Some people feel an allowance should have no strings attached. Others think it should be tied to chores in the home, school grades or even behaviour as in, “If you don’t smarten up, I’ll cut off your allowance!”

Just as the allowance debate is strongly pro and con on the idea of attaching strings, so too is the debate about whether or not kids should work for their money. Some parents feel that school is a child’s job, and any other work detracts from potential success at school. Others think that a part-time job is perfectly fine, while still others believe that a part-time job is essential because it begins the development of a good work ethic.

I’m of the school that believes that allowances should come with no strings attached, and that it’s perfectly fine for children to get a part-time job to supplement their allowance – not to replace it – when they get older.

Think about why you’re giving your kid an allowance. The objective should be to teach her money-management skills. The fact that you work hard for your money will be brought home when your child learns relative value – how many hours she has to work to afford that outfit.

The biggest problem in tying your child’s allowance to the completion of his routine chores comes on the day when you must withdraw the allowance. Now you’re teaching your child, “I have the money and you’ll have to do as I say to get some of it!” That’s a straight-out power play. “I have the money, so I have the power.” Ouch, not a lesson I want my children to learn. A far better tack for children who don’t follow through on household responsibilities is to do a like-for-like comparison. “Matt, if you don’t make your bed, I’m going to have to. And I only have time to do one thing, make your bed or make your lunch. Which one do you want to do?”

The strings attached to the money you got as a child will have a strong bearing on the strings you attach to your children’s money. We know our money history plays a big part in our money personalities. Perhaps you were never given an allowance and had to work for every penny you got. Or perhaps your parents’ strong work ethic was a point of great pride in your family. If you had to put yourself through college or university working at the local carwash on weekends and waiting tables at night, this will no doubt colour the way you look at money in general. If your allowance was tied to chores, or you were required to save all the money received as gifts, you may see that as the “normal way to do things”.

Whatever your own experiences with money as a child, try to put them aside as you begin to teach your children how money works and the role it should play in their lives. To ensure money is not imbued with meanings it shouldn’t have, don’t tie things like self-esteem, power or love to money. Stay balanced when you talk about it. And, above all, figure out what message you want your children to get from your money lessons. For, consciously or not, they are learning all about money from you.

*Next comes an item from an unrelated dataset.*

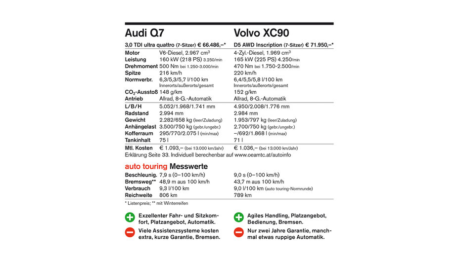 Mit dem Audi Q7 und dem Volvo XC90 schicken jetzt zwei SUV-erprobte Hersteller ihre Neuen, jeweils in zweiter Generation, ins Rennen. Beide haben Preise beim diesjährigen ÖAMTC-Autopreis Marcus gewinnen können (siehe ab Seite 12).
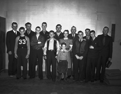 Fort Worth, Texas is hosting the state Golden Gloves tournament at the Will Rogers Memorial Coliseum. Representing the Follett Delegation back row, left to right are Glen Frazier, Henry Haines, Harry Davidson, Leroy Davis, J. A. Gex, Doc Jones, and O. J. Gross. On the front row, left to right are Bill Joe Rode, Taylor Miller, Benny Moore, Miss Sydna Yokley, Buddy Gross, Glenden Elmore, and Bud Yount. Miss Yokley is a famous ranch girl from Canada. She is attending school at Texas Christian University.

31 Responses to “Allowances: The Strings Attached”

  1. AndreaM Says:
    May 17, 2012 at 7:00 am

    I was not raised on an allowance and nor was my husband so this has been a trial-and-error experience for us. I came to child-rearing as a step-parent when the children were 10, 15 and 16. The two oldest quickly got themselves part-time work and the youngest was given an allowance.

    Fast forward 6 years – the two oldest are living on their own and supporting themselves and the 16-year shares time with her mom and dad.

    She is being raised in two homes and we try to keep the rules fairly consistent. In our house, she must make her bed each day, keep her room tidy and contribute to each meal either by helping make it, setting the table or doing the dishes. If she doesn’t complete these systematically, she doesn’t get her allowance.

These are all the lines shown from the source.